Rendering a simple scene at 1000x1000 resolution with 100 rays per pixel. 10 million Rays, 12 triangles.
Single Threaded, No BVH - 436.195s
Single Threaded, BVH - 44.156s (10x faster)
Multi Threaded, BVH - 0.526s (829x faster overall)
Note: This simple 12-triangle scene somewhat understates BVH benefits, which scale better with higher triangle counts
SIMD Vectorization using AVX intrinsics for parallel ray-triangle intersection tests and BVH traversal. With AVX(__m256) registers, it supports single ray traversal against up to 8 bounding boxes or primitives.
Up to 8-way BVH(bounding volume hierarchy) speeding up ray intersections. Each model is processed into a BLAS(Bottom Level Acceleration Structure). The BVH width varies from 2-8 child nodes depending on triangle density.

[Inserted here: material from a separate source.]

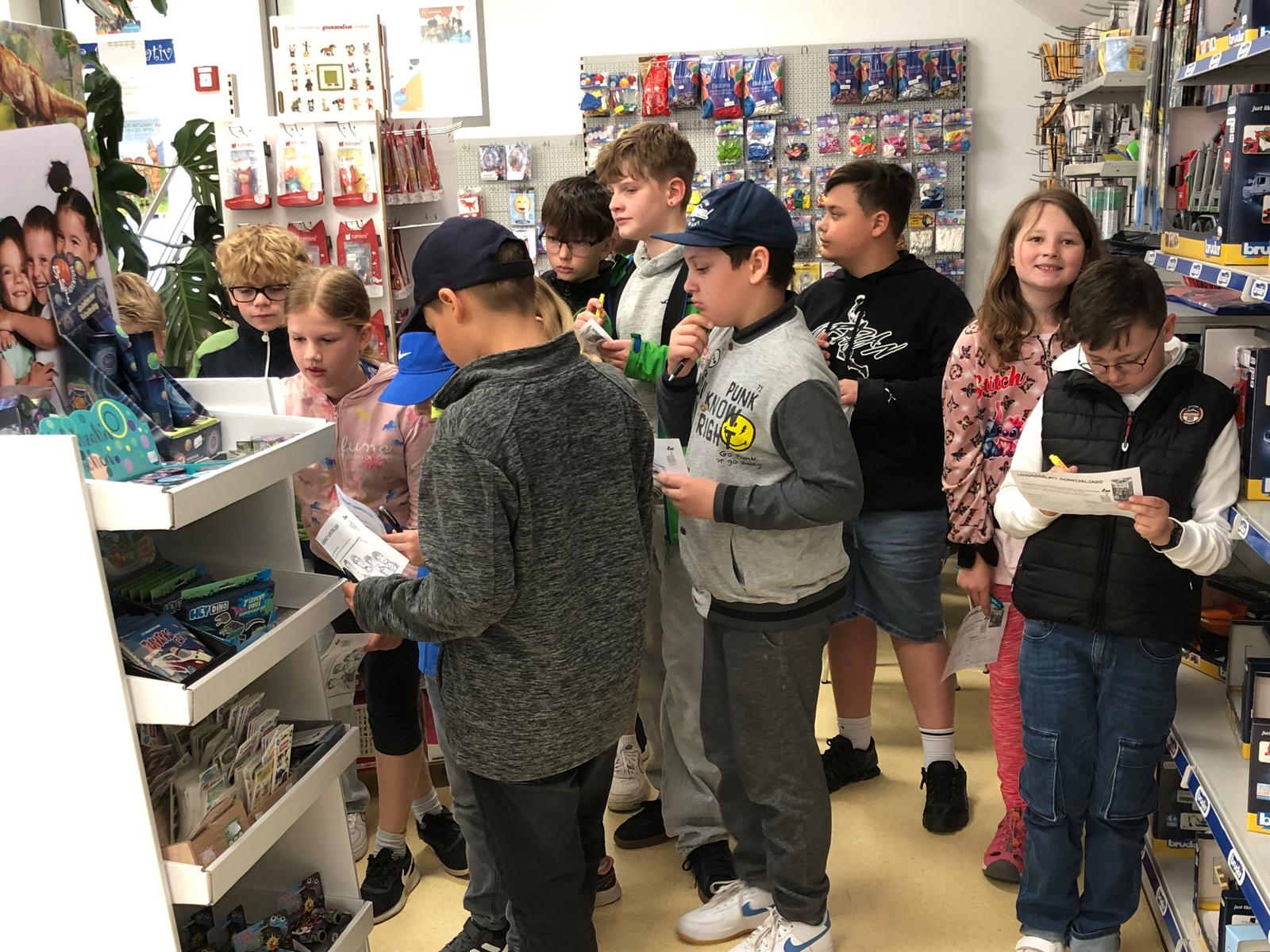 Während unseres Besuchs konnten die Viertklässler kreative Lesezeichen basteln und am spannenden Quiz zum Buchinhalt teilnehmen, das wie eine Schnitzeljagd durch das ganze Geschäft verlief. Am Ende erhielt jedes Kind von der Inhaberin persönlich ein Exemplar des Buches überreicht – ein unvergessliches Erlebnis für alle!

This is to avoid 8 nodes with 1 or 2 triangles each since the cost to intersect fewer than 8 triangles is nearly identical thanks to SIMD.
Multithreading with a custom work stealing implementation supporting batched jobs. This is done by enqueueing work into each thread and if a thread runs out of work, it will check other threads work queue and will "steal" their work until all the work is completed. This is particularly useful for Ray Tracing as rays with an early exit condition, such as a miss, have less work to do. Read more about the implementation here
- .gltf Model loading
- Triangle intersection with the Möller–Trumbore intersection algorithm
- Tiled Rendering for higher resolutions
- TLAS
- Bounces/indirect lighting - In the current multithreading implementation, bounces would be trivial to add as we could simply enqueue the new rays
- Direct lighting & shadows
- Texture sampling
- Interface to modify renders(Resolution, depth, samples, scene...)
This week long project achieved its goals, giving me experience with SIMD vectorization, work-stealing schedulers, and ray tracing fundamentals. While still missing features like lighting and bounces, the ~830x performance improvement validates the optimization approach. My next step will be translating these learnings to GPU compute shaders for real-time pathtracing.
https://en.algorithmica.org/hpc/
This project was inspired from reading this book, I wanted to experiment with some of what I learned. This is far and away my favorite book related to computers; a truly fantastic resource.